▶ _WHAT YOU ARE ASKED TO DO_
When you copy from the entries that follow, take only the lines from the one with "Нож оснащен крепкой" down to the one with "3月15日下午,欧冠官网与汉", keeping both ends and dropping every picture.

▶ _DATA TO EXAMINE_
────────────────────
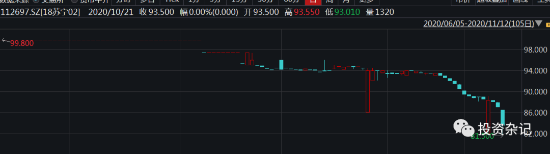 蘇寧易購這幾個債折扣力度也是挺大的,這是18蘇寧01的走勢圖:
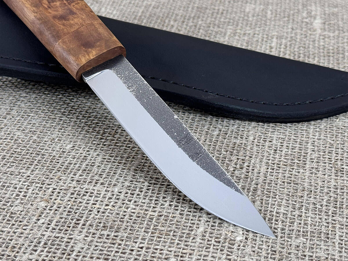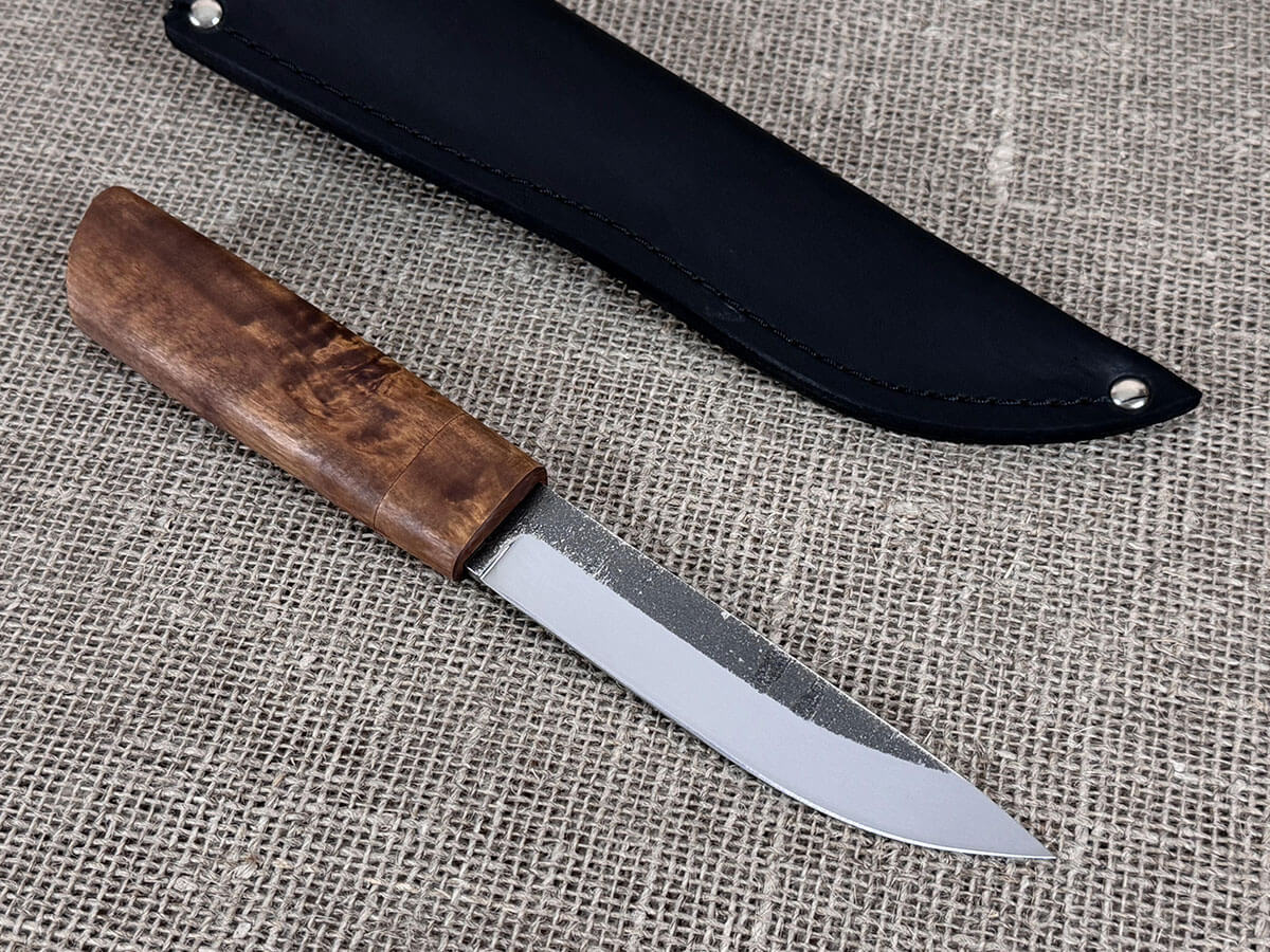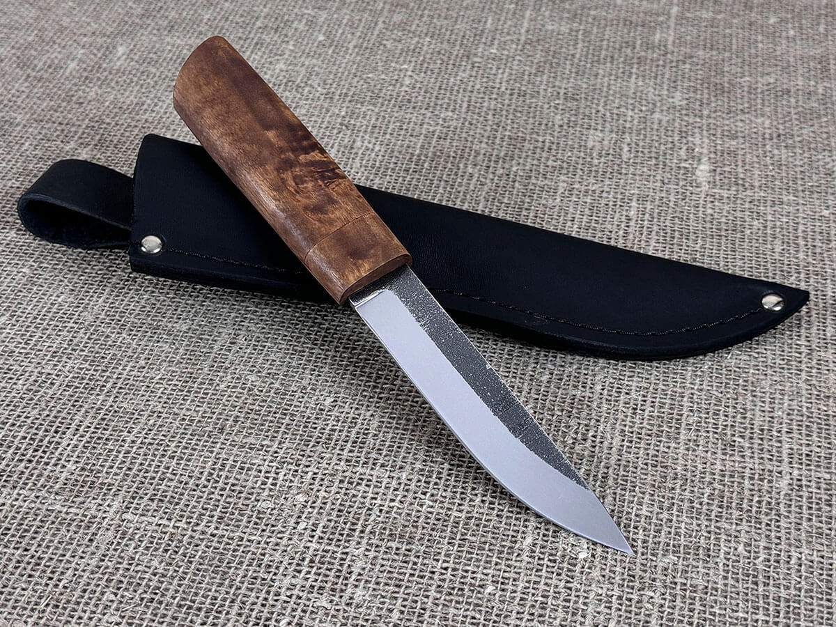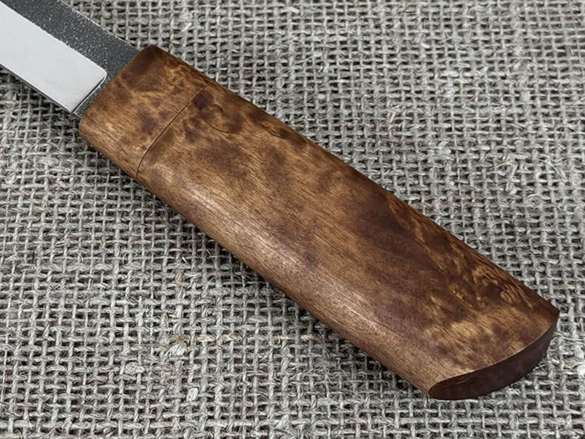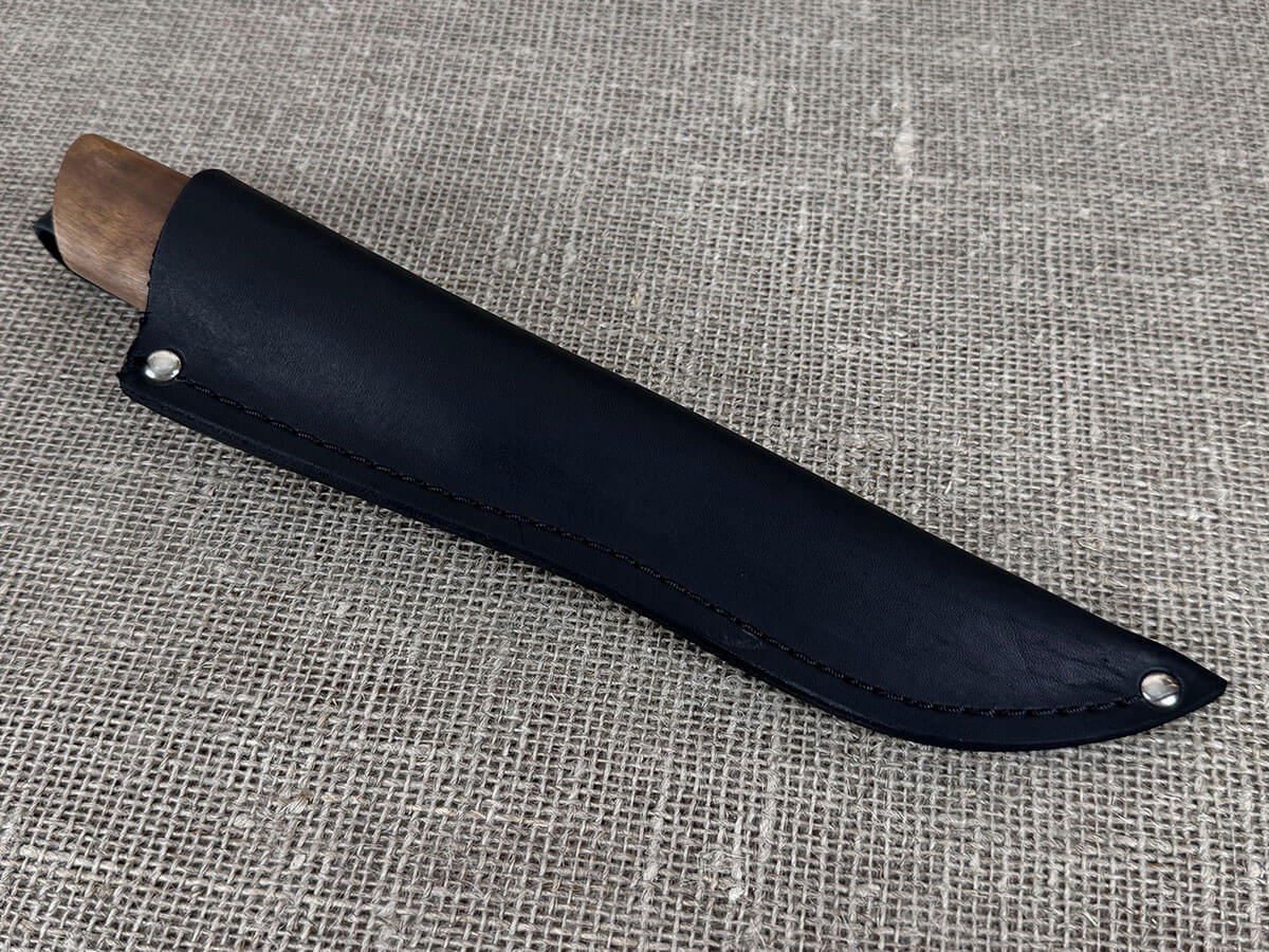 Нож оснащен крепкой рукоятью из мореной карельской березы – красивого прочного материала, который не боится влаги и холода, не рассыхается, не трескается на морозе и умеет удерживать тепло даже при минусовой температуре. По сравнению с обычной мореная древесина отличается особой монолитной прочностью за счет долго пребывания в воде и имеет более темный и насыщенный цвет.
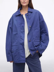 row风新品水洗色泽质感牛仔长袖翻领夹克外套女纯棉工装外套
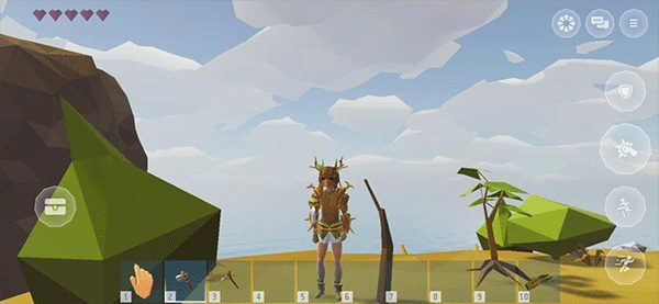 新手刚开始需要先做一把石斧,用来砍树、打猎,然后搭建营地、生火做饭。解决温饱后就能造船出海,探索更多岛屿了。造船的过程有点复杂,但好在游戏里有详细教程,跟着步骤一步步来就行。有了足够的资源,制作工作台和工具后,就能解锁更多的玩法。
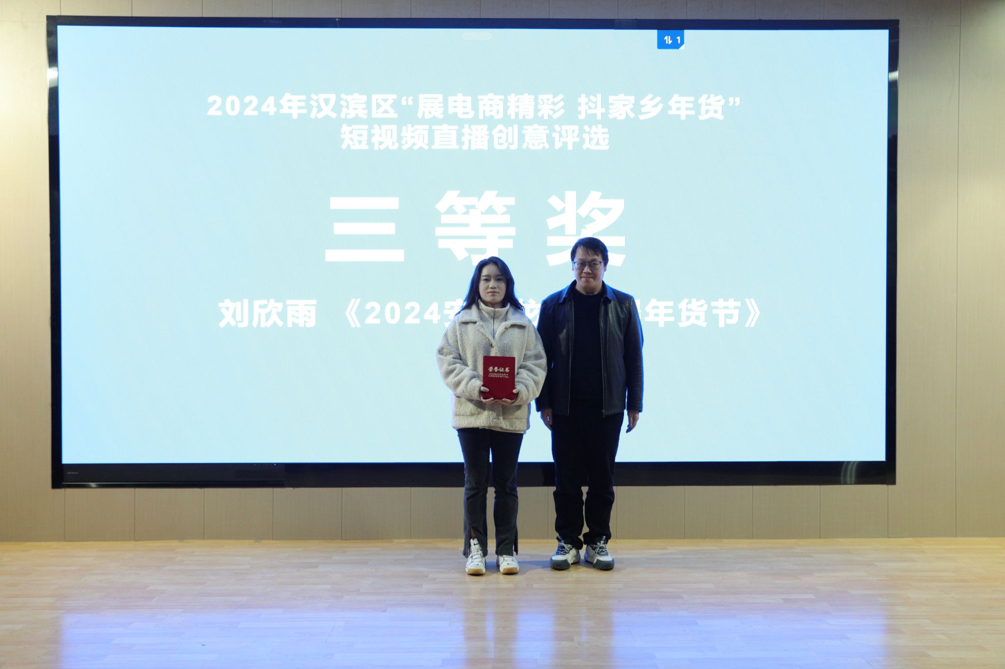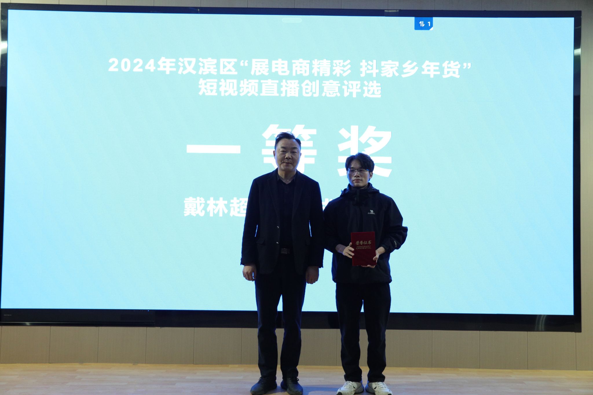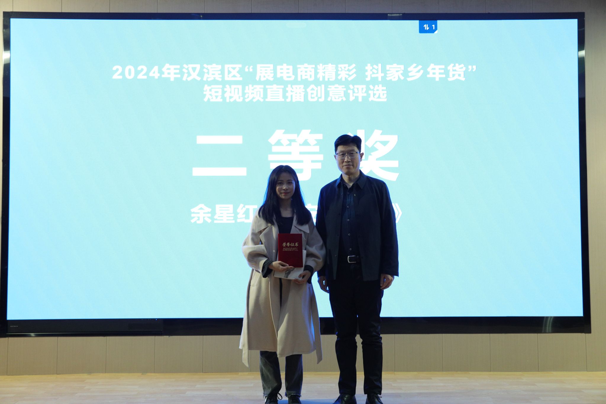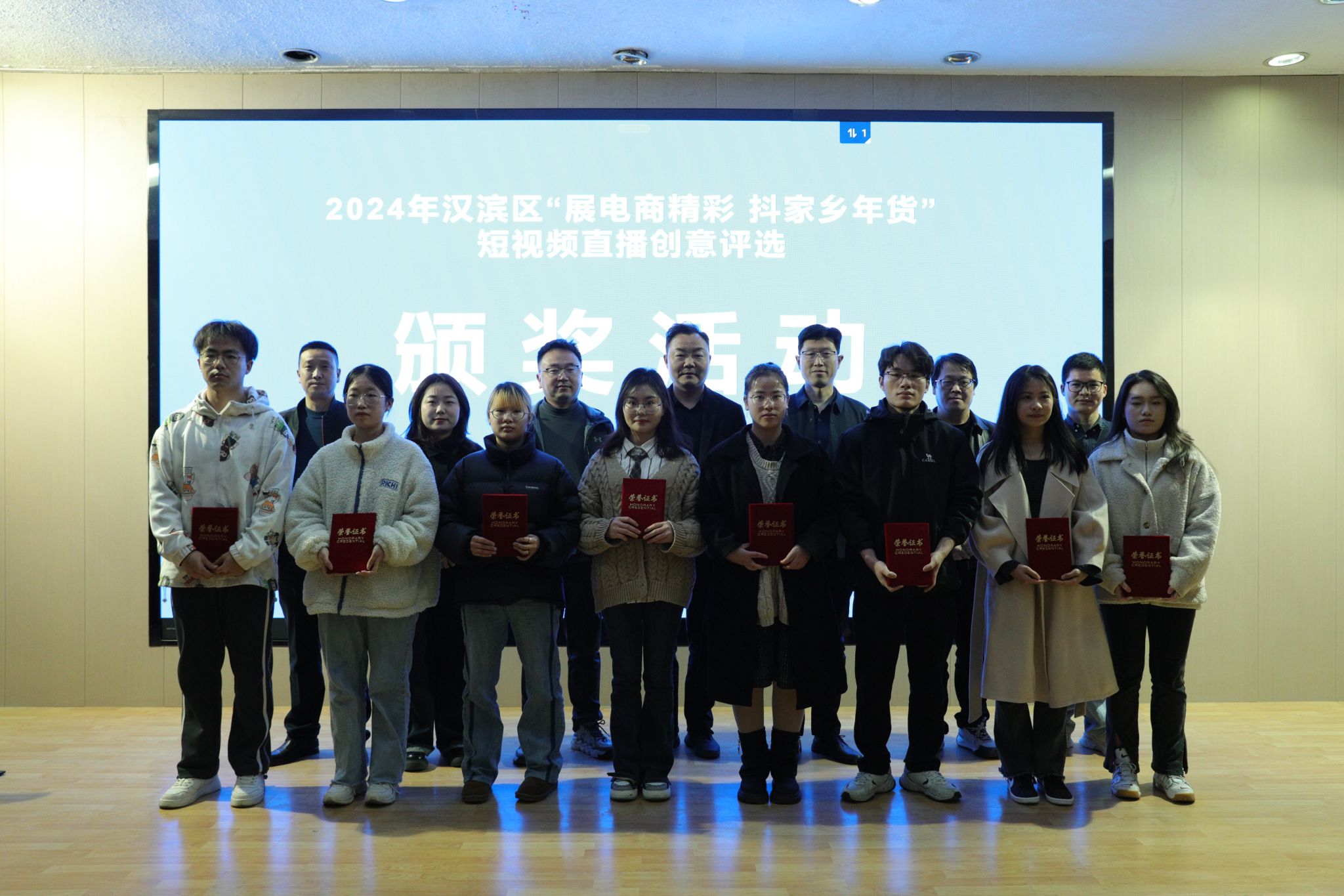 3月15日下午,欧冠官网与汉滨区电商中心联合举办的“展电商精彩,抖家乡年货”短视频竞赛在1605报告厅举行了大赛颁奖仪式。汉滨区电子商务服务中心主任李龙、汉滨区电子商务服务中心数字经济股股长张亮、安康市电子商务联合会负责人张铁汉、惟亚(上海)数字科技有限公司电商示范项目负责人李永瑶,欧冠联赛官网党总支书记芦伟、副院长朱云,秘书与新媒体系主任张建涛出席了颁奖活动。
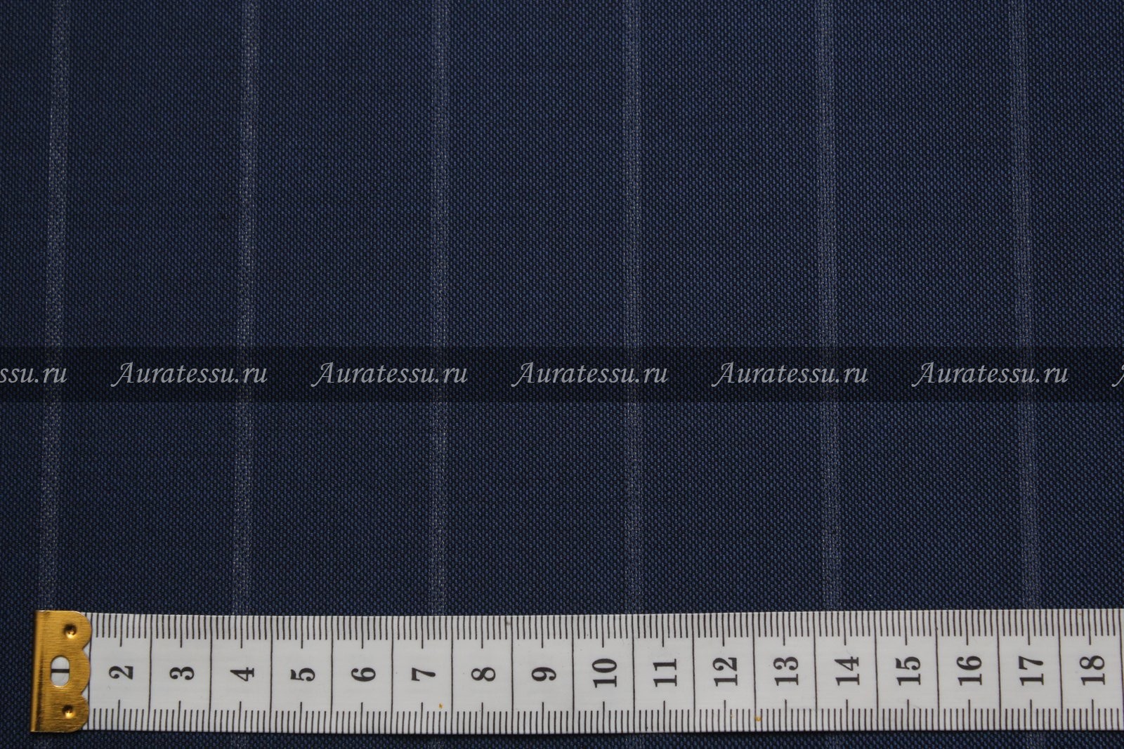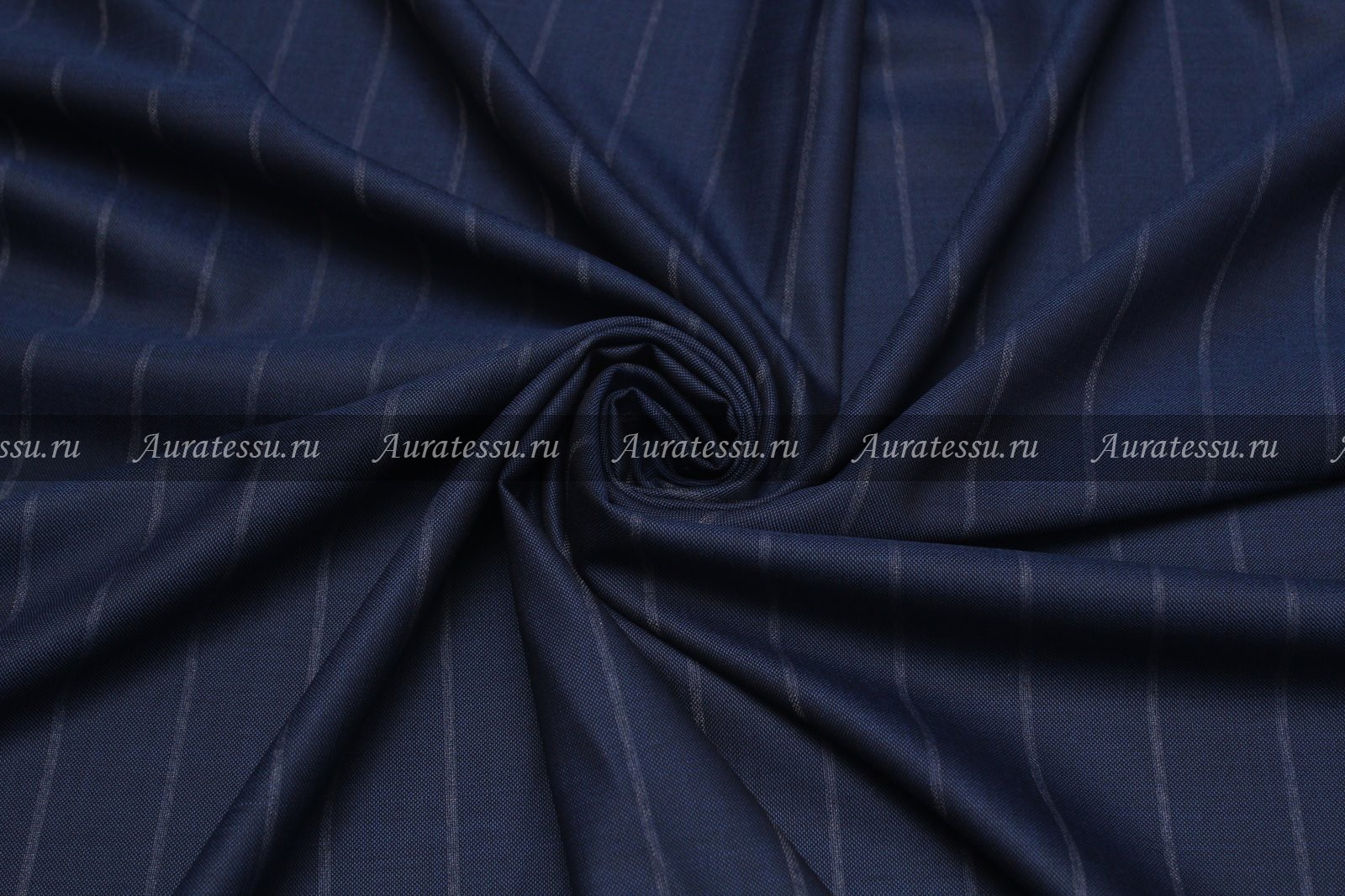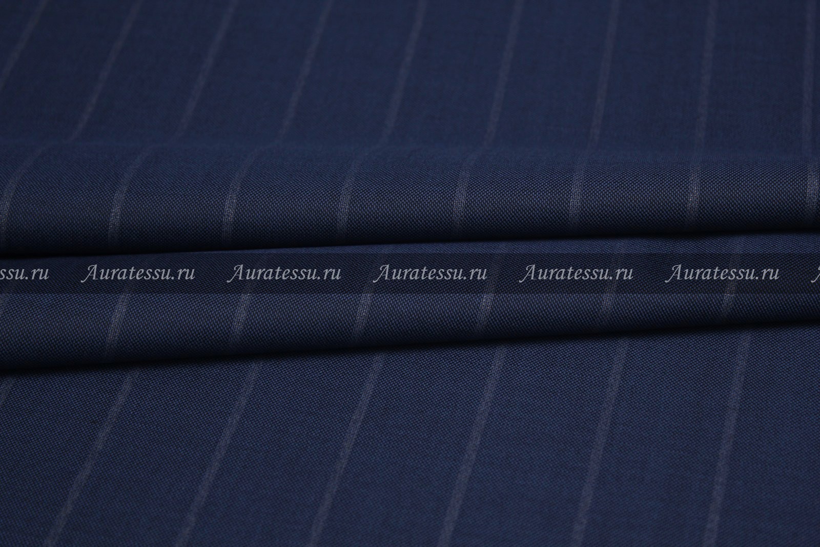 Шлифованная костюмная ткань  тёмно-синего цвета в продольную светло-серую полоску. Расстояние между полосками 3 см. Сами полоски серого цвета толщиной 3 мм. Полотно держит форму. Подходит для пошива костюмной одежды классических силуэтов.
────────────────────
▶ _ANSWER TO THIS EXERCISE_
 Нож оснащен крепкой рукоятью из мореной карельской березы – красивого прочного материала, который не боится влаги и холода, не рассыхается, не трескается на морозе и умеет удерживать тепло даже при минусовой температуре. По сравнению с обычной мореная древесина отличается особой монолитной прочностью за счет долго пребывания в воде и имеет более темный и насыщенный цвет.
 row风新品水洗色泽质感牛仔长袖翻领夹克外套女纯棉工装外套
 新手刚开始需要先做一把石斧,用来砍树、打猎,然后搭建营地、生火做饭。解决温饱后就能造船出海,探索更多岛屿了。造船的过程有点复杂,但好在游戏里有详细教程,跟着步骤一步步来就行。有了足够的资源,制作工作台和工具后,就能解锁更多的玩法。
 3月15日下午,欧冠官网与汉滨区电商中心联合举办的“展电商精彩,抖家乡年货”短视频竞赛在1605报告厅举行了大赛颁奖仪式。汉滨区电子商务服务中心主任李龙、汉滨区电子商务服务中心数字经济股股长张亮、安康市电子商务联合会负责人张铁汉、惟亚(上海)数字科技有限公司电商示范项目负责人李永瑶,欧冠联赛官网党总支书记芦伟、副院长朱云,秘书与新媒体系主任张建涛出席了颁奖活动。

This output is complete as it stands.